Death of Carson Price
- Family photograph of Price published by media outlets
- Date: 13 April 2019; 7 years ago
- Location: Ystrad Mynach, Caerphilly, Wales; 51°38′11″N 3°14′12″W﻿ / ﻿51.636504°N 3.236533°W;
- Type: Child death
- Cause: Drug overdose
- Accused: 14-year-old boy
- Charges: Involuntary manslaughter; Supplying or offering to supply a controlled drug;
- Verdict: Guilty
- Sentence: 1 year in a Young Offender Institution, required to pay £105 in damages

= Death of Carson Price =

2019 drug-related death of 13-year old boy

On 12 April 2019, a 13-year-old boy, Carson Price, was found unconscious in a playground in Ystrad Mynach, Glamorgan, Wales, one mile away from his home.

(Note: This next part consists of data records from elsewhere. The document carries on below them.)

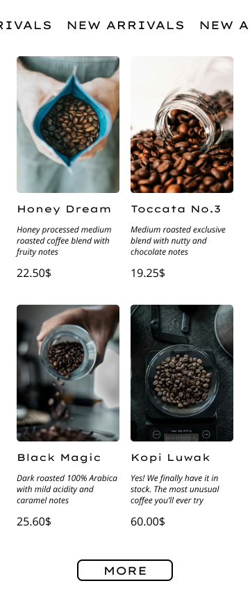 To enhance user engagement with new product releases, I designed the Freshly Roasted Co. homepage with a ‘New Arrivals’ section positioned below the main banner and CTA button. This section uses a clean background and minimalist typography to guide user focus directly to the showcased products. High-quality product images play a crucial role in this design.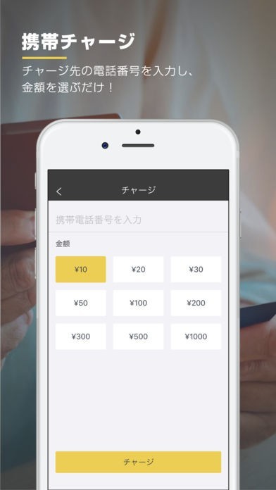 ●操作はチャージ先の電話番号を入力して、金額を選ぶだけ!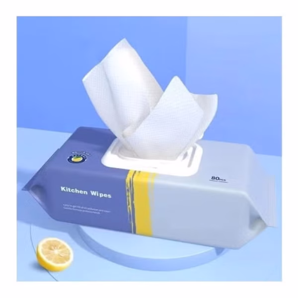 مناديل دهون مطبخ مبللة للاستعمال مرة واحدة 80 منديل- مناديل مطعم قوية لإزالة الشحوم والبقع الغذائية وتنظيف الطاولات الزجاجية المبللة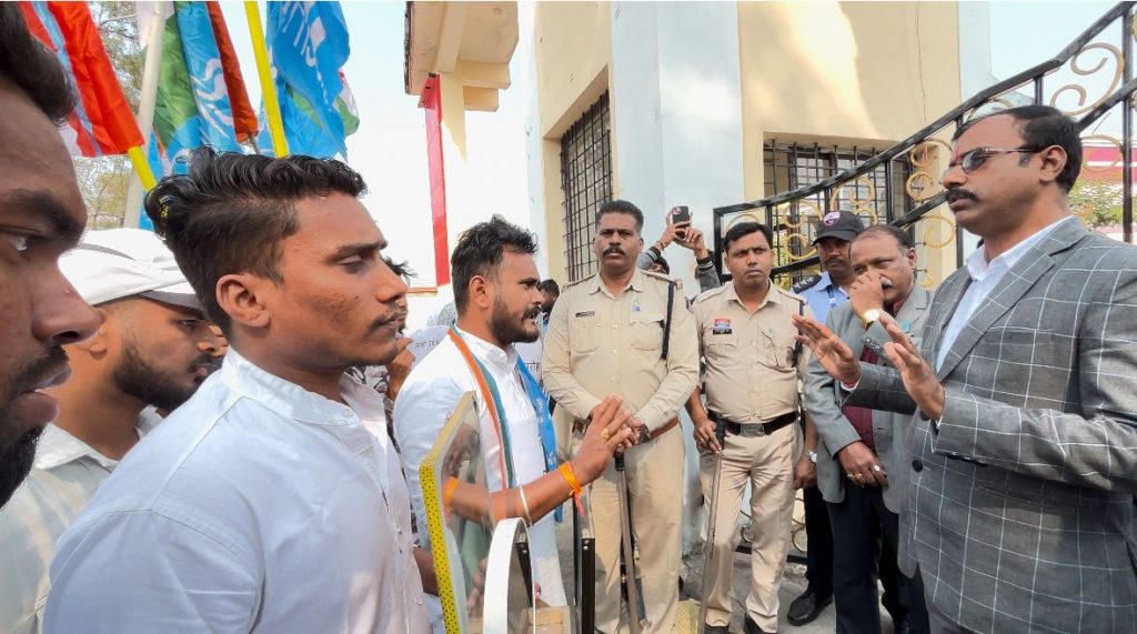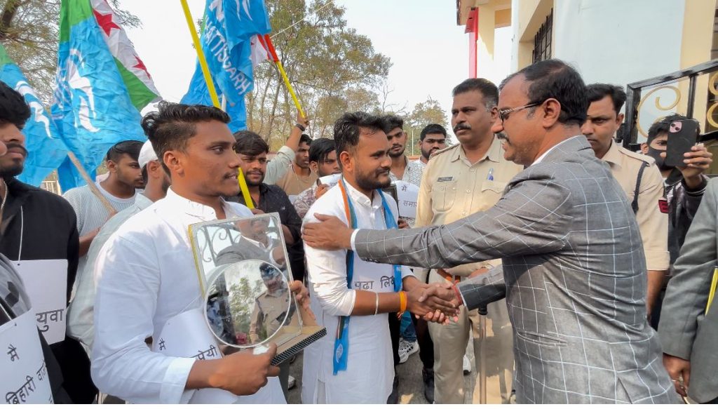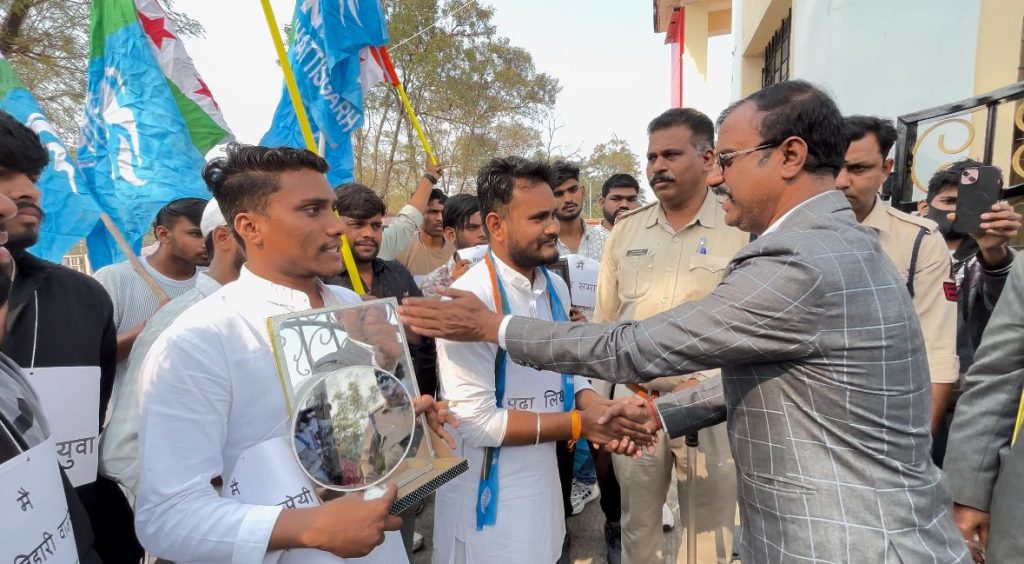ज्ञापन सौपते हुऐ रंजेश सिंह प्रदेश सचिव एनएसयूआई,पुष्पराज साहू, करन यादव, राजा खान, ओमप्रकाश बंजारे, पंकज सोनवानी, विशु साहू, अंशु गोस्वामी, हरदेव साहू, सुदामा साहू, गौकरण, भूमिकाराज, अक्षय त्रिपाठी, सुमित कुमार., शशांक भार्गव , अभिजीत साहू, अंशु समेत सैकड़ो छात्रनेता व छात्र मौजूद रहें।

Later being rushed to the University Hospital of Wales, Cardiff where he died upon arrival. It was confirmed that Price died after overdosing on the psychoactive drug, ecstasy, which he had purchased from an unnamed 14-year-old boy through the instant messaging app Snapchat.

== Death ==
On 12 April 2019, Price arrived at a playground in Ystrad Mynach with friends with the intent to purchase three ecstasy pills from a then 14-year-old boy that he had contacted through the messaging app Snapchat.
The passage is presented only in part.